Answer More Questions
More ways to change lines (regular, stepped or jump lines)
Tooltip selections: Using dimensions in the tooltip to enable highlighting other other marks that allow the common elements to be highlighted.
Dashboard element sizing - ‘Distribute Evenly’
Python / R integration - use SCRIPT_REAL function

Collaboration at Scale
Sharing / Governance
Discussion
Altering
Anywhere Web & Mobile
Tableau is now watching how the whole community is using the common joins done to ‘recommend’ what tables to join on
Alerting - can schedule regularity of alerts

Big changes coming soon:
Linux
Hyper
Maestro

Linux: cost saving / ease of management / technical skills of IT / more security control
Hyper: support for very large data sizes (billions of rows), faster queries, much faster extract creation, scalable (mid summer public beta)
Maestro: Complete visibility for immediate understanding (coordinated views aid understanding)



Saturday, 25 March 2017

Iron Viz - We can't breathe

It’s that time again with IronViz feeder competitions starting up again. Every year, I take this opportunity to explore a technique I haven’t used before, or alternatively, a subject that I care about.
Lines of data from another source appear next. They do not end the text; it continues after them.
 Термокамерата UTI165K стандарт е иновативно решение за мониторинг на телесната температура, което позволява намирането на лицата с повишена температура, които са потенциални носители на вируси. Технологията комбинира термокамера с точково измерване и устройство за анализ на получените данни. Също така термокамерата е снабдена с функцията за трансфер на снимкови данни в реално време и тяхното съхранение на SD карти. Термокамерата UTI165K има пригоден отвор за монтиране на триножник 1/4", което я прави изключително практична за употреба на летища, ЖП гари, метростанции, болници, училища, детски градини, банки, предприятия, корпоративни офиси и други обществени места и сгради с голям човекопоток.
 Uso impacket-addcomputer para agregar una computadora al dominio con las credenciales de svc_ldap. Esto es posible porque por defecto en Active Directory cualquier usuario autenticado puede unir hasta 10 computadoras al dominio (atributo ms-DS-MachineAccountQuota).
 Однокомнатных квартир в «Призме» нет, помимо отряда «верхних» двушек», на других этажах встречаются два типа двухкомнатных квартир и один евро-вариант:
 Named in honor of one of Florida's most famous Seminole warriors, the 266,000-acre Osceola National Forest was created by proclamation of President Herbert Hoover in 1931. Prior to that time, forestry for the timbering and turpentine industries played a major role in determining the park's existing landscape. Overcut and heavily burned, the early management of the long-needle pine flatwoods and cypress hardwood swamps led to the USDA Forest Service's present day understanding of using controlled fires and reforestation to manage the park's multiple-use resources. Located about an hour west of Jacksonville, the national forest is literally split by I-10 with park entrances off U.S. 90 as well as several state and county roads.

As a keen cyclist in London, Air Quality is a really important subject to me. With increased cycling infrastructure, the move to electronic cars and banning older vehicles from the city centre, I was expecting to download a set of data that showed dramatic falls in the levels of pollutants that are all around us Londoners. Nothing could be further from the truth.



Using data from londonair.org.uk, I looked at the Borough level of detail as there are only three or four monitoring points per Borough. The data proved a challenge with sporadic measurement across an inconstant set of pollutants. This meant that finding trends and understanding geographical patterns using the new Spatial file connector in Tableau was a good challenge.
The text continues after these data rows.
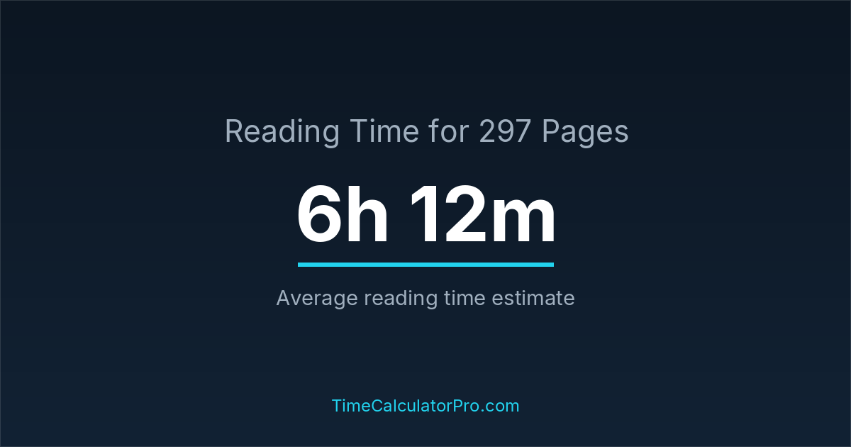 If you are wondering how long it takes to read 297 pages, the estimated reading time is roughly 6 hours and 12 minutes based on common reading speed averages.
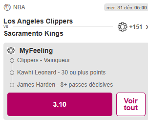 Matchs du 31/12 à partir de 02:00 – 4 rencontres de NBA au programme cette nuit ! Totalement relancés après un début de saison compliqué, les Clippers de Los Angeles affichent un visage méconnaissable ces derniers jours en alignant quatre victoires de rang face à des adversaires bien classés, une série qui leur permet de reprendre confiance malgré une 13e place à l’Ouest avec un bilan de 10-21. Sacramento, juste derrière au classement, occupe la 14e position avec seulement 8 succès pour 24 défaites et continue de montrer de grandes lacunes collectives sans réelle dynamique positive. Dans ce contexte, nous voyons les Clippers s’imposer dans cette rencontre (1.18) ✅, tandis que pour les autres affiches NBA, nous voyons Philadelphie l’emporter à Memphis (1.77) ✅, Boston s’imposer sur le parquet d’Utah (1.28) ✅ et Detroit renouer avec le succès face aux Lakers (1.67) ✅.
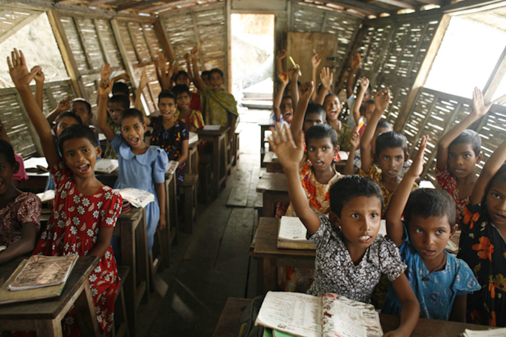 Bangladesh có nguồn tài nguyên thiên nhiên hạn chế và bị tác động mạnh mẽ bởi biến đổi khí hậu. Lũ lụt xảy ra thường xuyên, điều này khiến trẻ rất khó khăn trong việc đến trường. Nhưng người dân ở một số vùng của Bangladesh đã học cách sống chung với những thách thức khí hậu và tạo ra các lớp học cho trẻ em trên thuyền. Cách học sáng tạo này có nghĩa là trẻ em từ các cộng đồng ven biển bị cô lập có thể truy cập vào thư viện và các cơ sở học tập.
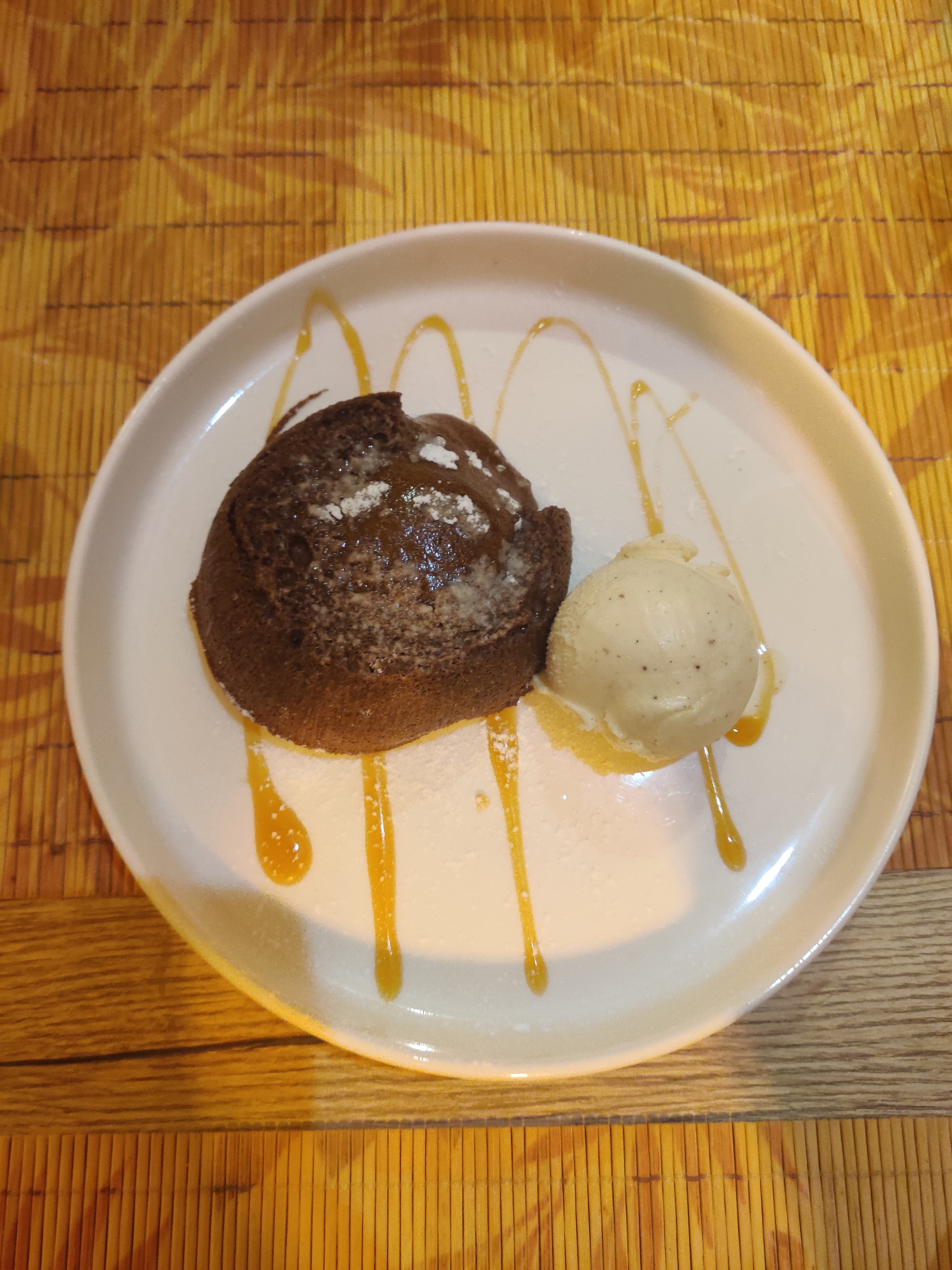 Un delice ! Ravioles au gambas , entrecôte matturée et fondant au chocolat, le tout avec un mélange de saveur exquis. Acceuil et service très sympa .

The biggest break-through I had was whilst researching the subject, was coming across the European legal limits that have come in to force across different pollutants, at various points since 2005. This is shown as the reference line on the trend data to show how often the limits are broken across London.

The answer in many cases is the daily average often doesn’t fall below some of the limits. Worrying stuff!
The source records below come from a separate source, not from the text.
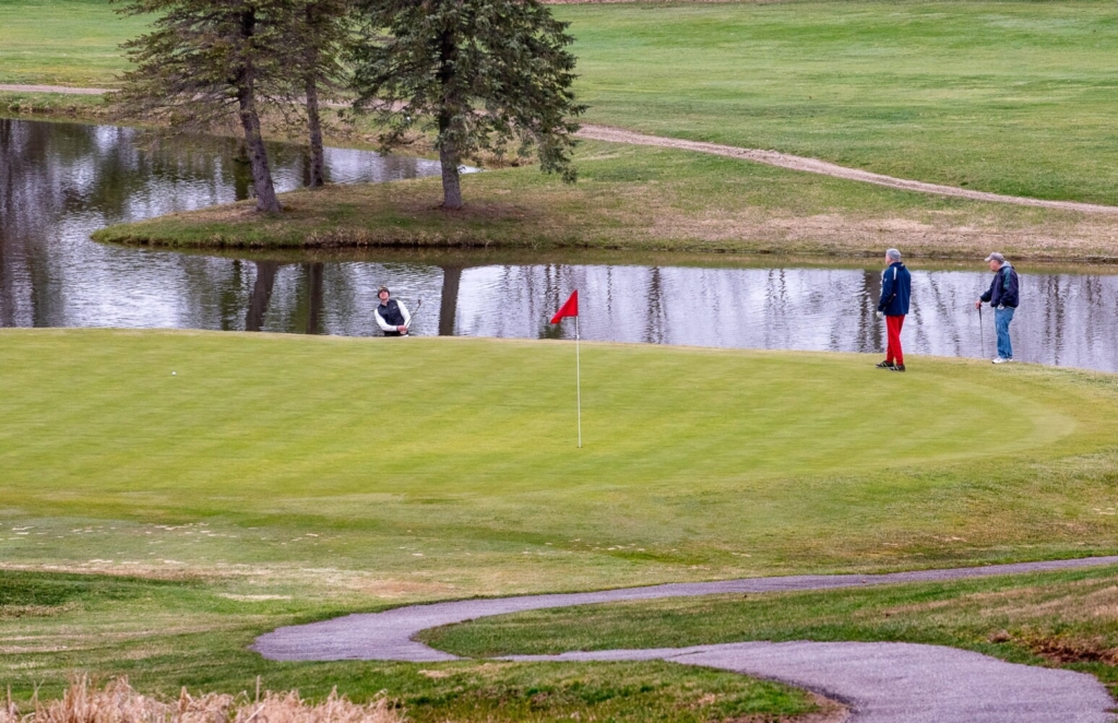 Michael McLellan of Winthrop watches his chip shot head toward the middle of the green while golfing with his father, Buster, middle, and family friend Terry Kilcoyne, right, of Winthrop. They were the first onto the course Sunday morning at Turner Highlands Golf Course in Turner. “We are so excited to be out golfing, and it’s the Masters weekend, so all is good,” Michael said after hitting his tee shot a little long. Russ Dillingham/Sun Journal Buy this Photo
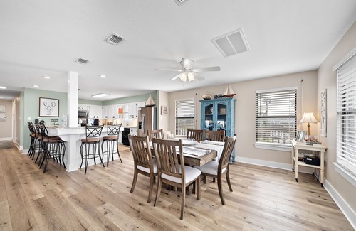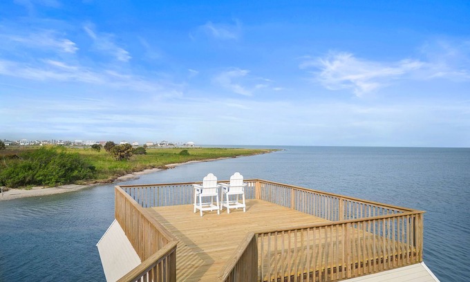 Welcome to Bay Vista, a beautiful bayfront retreat located in the peaceful Terramar Beach community of Galveston, Texas. This inviting 2,650 sq ft home is perfectly positioned where the canal meets Galveston Bay, offering stunning waterfront views, easy access to boating and fishing, and the ideal setting for family-friendly outdoor living. With 4 bedrooms, 3.5 bathrooms, and accommodations for up to 14 guests, Bay Vista is a true gem for water lovers and sunset seekers alike.
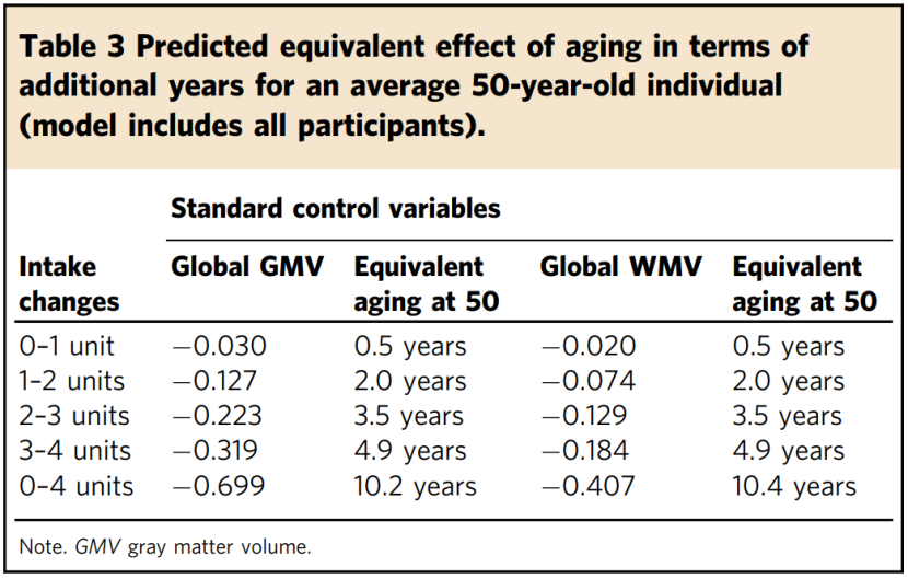 因此,研究人员对饮酒和衰老导致的大脑体积缩小进行了比较。
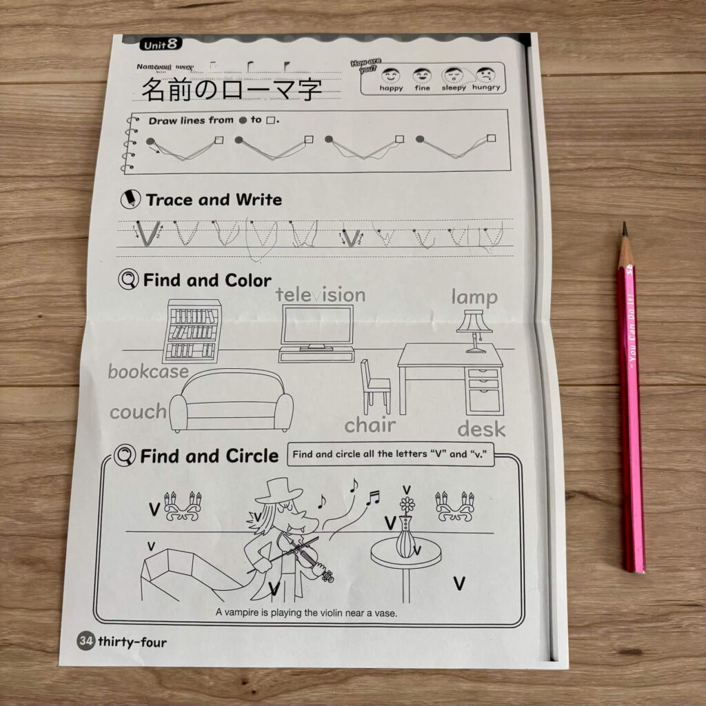 - テキストブック:自分の名前やアルファベットのなぞり書きなど、ライティングの練習。
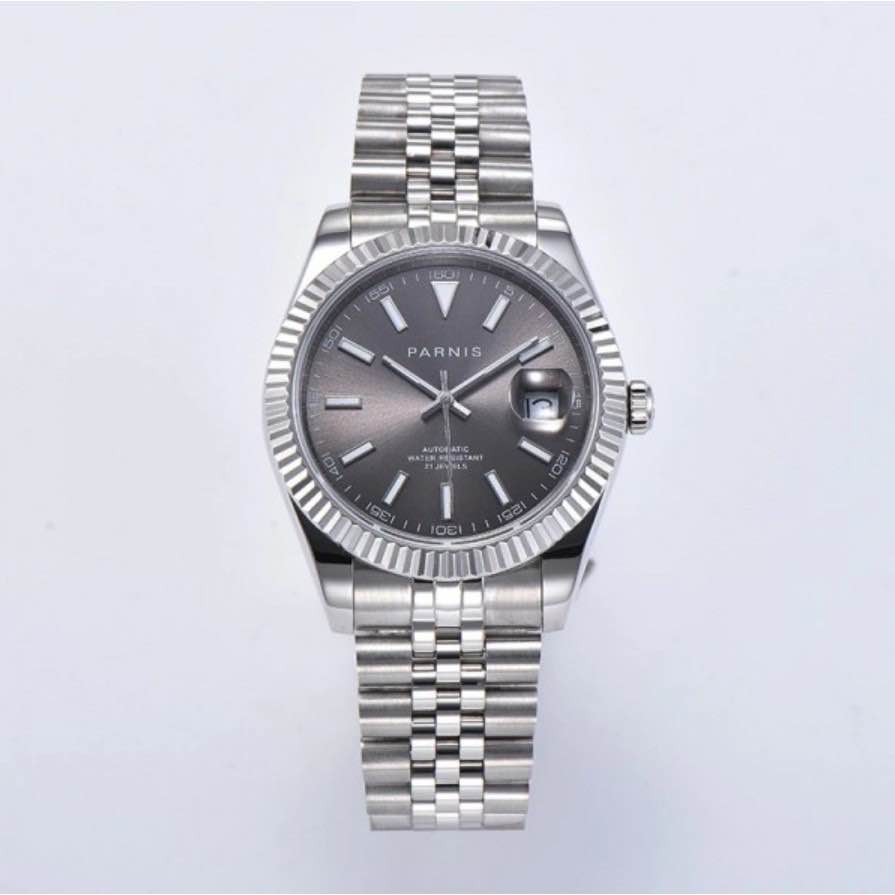 Parnis/柏尼时出品的此款五圈机械表,采用人工合成蓝宝石表镜材质,硬度高,防刮耐磨,坚固耐用。
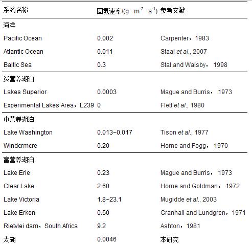 表2 太湖水體與其他水系統的固氮作用比較
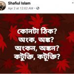 ♣ এসো শিখি …! কোনটা ঠিক …? করোনা ক্রান্তিকালে প্রতিদিন আমরা একটা শব্দের আধুনিক শুদ্ধ বানান শিখছি। ২০২০ সালের এপ্রিল থেকে যাত্রা শুরু। যারা এ যাত্রায় সাথে আছেন সবার জন্যে অনুপম শুভেচ্ছা। কতটা শেখা হলো, ১০০+ শব্দ, তা এই নিচের লিংকে পাবেন। ‘… এ জীবন আনন্দযাত্রা …!’ 🕊এসো শিখি …! কোনটা ঠিক …?https://www.facebook.com/notes/shafiul-islam/%E0%A6%8F%E0%A6%B8%E0%A7%8B-%E0%A6%B6%E0%A6%BF%E0%A6%96%E0%A6%BF-%E0%A6%95%E0%A7%8B%E0%A6%A8%E0%A6%9F%E0%A6%BE-%E0%A6%A0%E0%A6%BF%E0%A6%95-/3076481382410102/

The spatial mapping allows the reader to see the impact on the city centre. Although Lambeth, outside of the true centre of the City, seems to be hit particularly hard by pollution levels.

As with any IronViz entry, it’s a chance to use a little imagination and have some fun with charting. When I played with some charts, it looked like exhaust fumes so, I kept it and features it at the top of my visualisation.

Overall, the visualisation has led me to want to dig in further in to this subject and what I can do to start making a difference as currently there isn’t any improvement of any note.